Caccia anticipata di dieci giorni per andare incontro alle esigenze degli agricoltori. È questo il motivo che ha spinto la Provincia di Belluno a far partire la stagione venatoria il 21 agosto anziché il primo settembre. «Qualche giorno fa un agricoltore di Limana mi ha fermato dicendomi che nel suo campo di mais aveva trovato nove cervi intenti a mangiarsi le pannocchie», esordisce il consigliere provinciale con delega alla Caccia e Pesca, Franco De Bon. «E questo è solo un esempio di quanto succede pressoché quotidianamente nella nostra provincia con la fauna selvatica: parliamo di cervi, ma anche di cinghiali. Per questo motivo abbiamo chiesto di poter anticipare l’avvio della stagione di caccia degli ungulati». Da domenica, quindi, i cacciatori potranno iniziare a cacciare femmine e piccoli di cervo.
La scelta di colpire questi animali è stata presa ancora qualche anno fa nel territorio bellunese, con il via libera anche dell’Ispra: «Abbiamo chiesto ai cacciatori delle nostre riserve», tiene a precisare De Bon, «di uscire nei prossimi giorni e di concentrarsi nelle aree vicine ai campi coltivati per disturbare gli animali intenti a mangiarsi il raccolto». Spaventarli, ma anche rifilare qualche «fucilata cruenta», così da allontanare gli animali: «Il nostro obiettivo», spiega De Bon, «è duplice: mantenere la popolazione degli animali selvatici entro determinati numeri per sesso e classe di età, ma anche assicurare la conservazione e la riproduzione futura.
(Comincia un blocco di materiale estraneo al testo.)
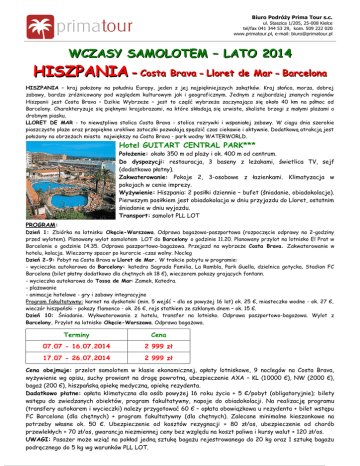 Biuro Podróży Prima Tour s.c. ul. Staszica 1/205, 25-008 Kielce tel/fax 041 344 53 29, kom. 509 222 020 www.primatour.pl, e-mail: [email protected] WCZASY SAMOLOTEM – LATO 2014 HISZPANIA - Costa Brava - Lloret de Mar - Barcelona HISZPANIA – kraj położony na południu Europy, jeden z jej najpiękniejszych zakątków. Kraj słońca, morza, dobrej zabawy, bardzo zróżnicowany pod względem kulturowym jak i geograficznym. Jednym z najbardziej znanych regionów Hiszpanii jest Costa Brava – Dzikie Wybrzeże – jest to część wybrzeża zaczynająca się około 40 km na północ od Barcelony. Charakteryzuje się pięknymi krajobrazami, na które składają się urwiste, skaliste brzegi z małymi plażami o drobnym piasku. LLORET DE MAR - to niewątpliwa stolica Costa Brava - stolica rozrywki i wspaniałej zabawy. W ciągu dnia szerokie piaszczyste plaże oraz przepiękne urokliwe zatoczki pozwalają spędzić czas ciekawie i aktywnie. Dodatkową atrakcją jest położony na obrzeżach miasta największy na Costa Brava - park wodny WATERWORLD. Hotel GUITART CENTRAL PARK*** Położenie: około 350 m od plaży i ok. 400 m od centrum. Do dyspozycji: restauracja, 3 baseny z leżakami, świetlica TV, sejf (dodatkowo płatny). Zakwaterowanie: Pokoje 2, 3-osobowe z łazienkami. Klimatyzacja w pokojach w cenie imprezy. Wyżywienie: Hiszpania: 2 posiłki dziennie – bufet (śniadanie, obiadokolacje). Pierwszym posiłkiem jest obiadokolacja w dniu przyjazdu do Lloret, ostatnim śniadanie w dniu wyjazdu. Transport: samolot PLL LOT PROGRAM: Dzień 1: Zbiórka na lotnisku Okęcie-Warszawa. Odprawa bagażowo-paszportowa (rozpoczęcie odprawy na 2-godziny przed wylotem). Planowany wylot samolotem LOT do Barcelony o godzinie 11.20. Planowany przylot na lotnisko El Prat w Barcelonie o godzinie 14.35. Odprawa paszportowo-bagażowa. Przejazd na wybrzeże Costa Brava. Zakwaterowanie w hotelu, kolacja. Wieczorny spacer po kurorcie -czas wolny. Nocleg Dzień 2-9: Pobyt na Costa Brava w Lloret de Mar. W trakcie pobytu w programie: - wycieczka autokarowa do Barcelony: katedra Sagrada Familia, La Rambla, Park Guella, dzielnica gotycka, Stadion FC Barcelona (bilet płatny dodatkowo dla chętnych ok 18 Є), wieczorem pokazy grających fontann. - wycieczka autokarowa do Tossa de Mar: Zamek, Katedra. - plażowanie - animacje hotelowe - gry i zabawy integracyjne Program fakultatywny: karnet na dyskoteki (min. 5 wejść – dla os powyżej 16 lat) ok. 25 Є, miasteczko wodne - ok. 27 Є, wieczór hiszpański - pokazy flamenco - ok. 26 Є, rejs statkiem ze szklanym dnem – ok. 15 Є. Dzień 10: Śniadanie. Wykwaterowanie z hotelu, transfer na lotnisko. Odprawa paszportowo-bagażowa. Wylot z Barcelony. Przylot na lotnisko Okęcie-Warszawa. Odprawa bagażowa. Terminy Cena 07.07 - 16.07.2014 2 999 zł 17.07 - 26.07.2014 2 999 zł Cena obejmuje: przelot samolotem w klasie ekonomicznej, opłaty lotniskowe, 9 noclegów na Costa Brava, wyżywienie wg opisu, suchy prowiant na drogę powrotną, ubezpieczenie AXA – KL (10000 Є), NW (2000 Є), bagaż (200 Є), hiszpańską opiekę medyczną, opiekę rezydenta. Dadatkowo płatne: opłata klimatyczna dla osób powyżej 16 roku życia + 5 Є/pobyt (obligatoryjnie); bilety wstępu do zwiedzanych obiektów, program fakultatywny, napoje do obiadokolacji. Na realizację programu (transfery autokarem i wycieczki) należy przygotować 60 Є – opłata obowiązkowa u rezydenta + bilet wstępu FC Barcelona (dla chętnych) + program fakultatywny (dla chętnych). Zalecane minimalne kieszonkowe na potrzeby własne ok. 50 Є. Ubezpieczenie od kosztów rezygnacji + 80 zł/os, ubezpieczenie od chorób przewlekłych + 70 zł/os, gwarancja niezmiennej ceny bez względu na koszt paliwa i kursy walut + 120 zł/os. UWAGI: Pasażer może wziąć na pokład jedną sztukę bagażu rejestrowanego do 20 kg oraz 1 sztukę bagażu podręcznego do 5 kg wg warunków PLL LOT.

Anche se partiamo in anticipo, infatti, la stagione venatoria si interromperà da metà settembre fino a metà ottobre per la stagione degli amori tra gli ungulati». Per questi animali, ma anche per corvidi, gazze e altri uccelli dannosi per colture e allevamenti, il numero da abbattere è diviso per singola riserva: «Una volta raggiunto il numero dato, la caccia si interrompe. Questo per garantire proprio la loro riproduzione»», dice De Bon. Il consigliere provinciale è soddisfatto dei risultati finora ottenuti: «Con il piano venatorio avviato lo scorso anno, abbiamo visto che la popolazione selvatica si è stabilizzata. Questo significa che funziona il metodo pensato per mantenere l’equilibrio faunistico e ambientale, ma anche per evitare il propagarsi di malattie come può essere la peste suina africana, che si trasmette tra i cinghiali».
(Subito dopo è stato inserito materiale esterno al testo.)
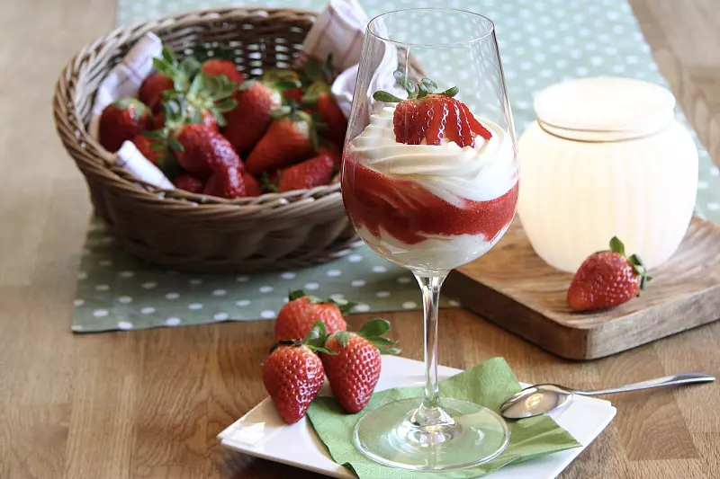 Creme, Erdbeermus und Erdbeerstücke abwechselnd in sechs Dessertgläser schichten. Mit ganzen Erdbeeren verzieren.

De Bon tiene a sottolineare anche «il buon lavoro che i cacciatori stanno facendo per il censimento della fauna selvatica. I nostri agenti di polizia provinciale sono ridotti ai minimi termini, tanto che ormai alcune attività sono state assegnate ai cacciatori. Così da tenere in carico agli agenti solo il controllo di questa attività». Ma c’è anche un’altra novità: riguarda le riserve di caccia. Secondo la nuova norma veneta in materia, il collegio dei revisori dei conti, prima formato da soci di quella riserva, sarà sostituito da un revisore unico dei conti.
Un professionista (avvocato o commercialista) che dovrà essere iscritta a un albo specifico affisso al ministero dell’Economia e Finanza: «Se da un lato imporrà dei costi più elevati per le riserve, questa regola impedirà che chi controlla i conti sia anche chi i conti li redige», spiega il consigliere provinciale De Bona. «Non deve esserci commistione di compiti. Il revisore unico potrà essere un socio della riserva ma non potrà essere membro del comitato direttivo che è l’organo che decide le spese» (Corriere delle Alpi).